Along with my ex, Norman, and possibly some missing-inaction body parts, I’d abandoned my creative spirit in Kentucky too, left it disintegrating underneath a tree beside the Barren River (symbolically enough), buried alongside the last paintings I swore I would ever do.
Ginny had left the newspaper on the kitchen table folded open to the employment section, alongside a conspicuously placed red pen. I sat down at the table and wriggled in the chair. Ginny’s condo is the Shrine to Design: titanium white walls, ebony floors, leather furniture, and none of the clocks had numbers. I could never tell what time it was, not that I had anything to be late for. The two kitchen chairs were Bertoia Wire Chairs, sans cushions. The wire frame was incredibly uncomfortable and my butt would be dented like a reverse waffle when I stood up. If the other items in the room and I were featured in a certain Sesame Street game, I’d be one of the things that’s not like the others.

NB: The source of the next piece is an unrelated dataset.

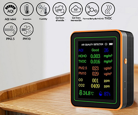 AQI általános légminőség HCHO formaldehid - idődiagramot is rögzít TVOC illékony szerves vegyületek - idődiagramot is rögzít PM (particulate matter)a levegőben lebegő szilárd és folyékony (aeroszol) részecskék gyűjtőneve: PM2,5 a 2,5 mikrométer vagy annál kisebb méretű részecskék összessége. Finompornak is nevezik. Azért különösen veszélyes, mert képes a tüdő mélyére hatolni és ott lerakódni. - idődiagramot is rögzít PM10

I unfolded the paper and turned past the help-wanted ads to the furniture-for-sale column. I’d be getting my own place again, someday. It didn’t cost anything to look and I wanted to feast my eyes on the cost of a nice flat-bottomed kitchen chair.
Underneath the amazing queen mattress & box, cost over $1100, sell $495, there it was:
B E A U T I F U L old phonograph for sale. 78 record player.
Excellent condition. Gladys doesn’t dance anymore.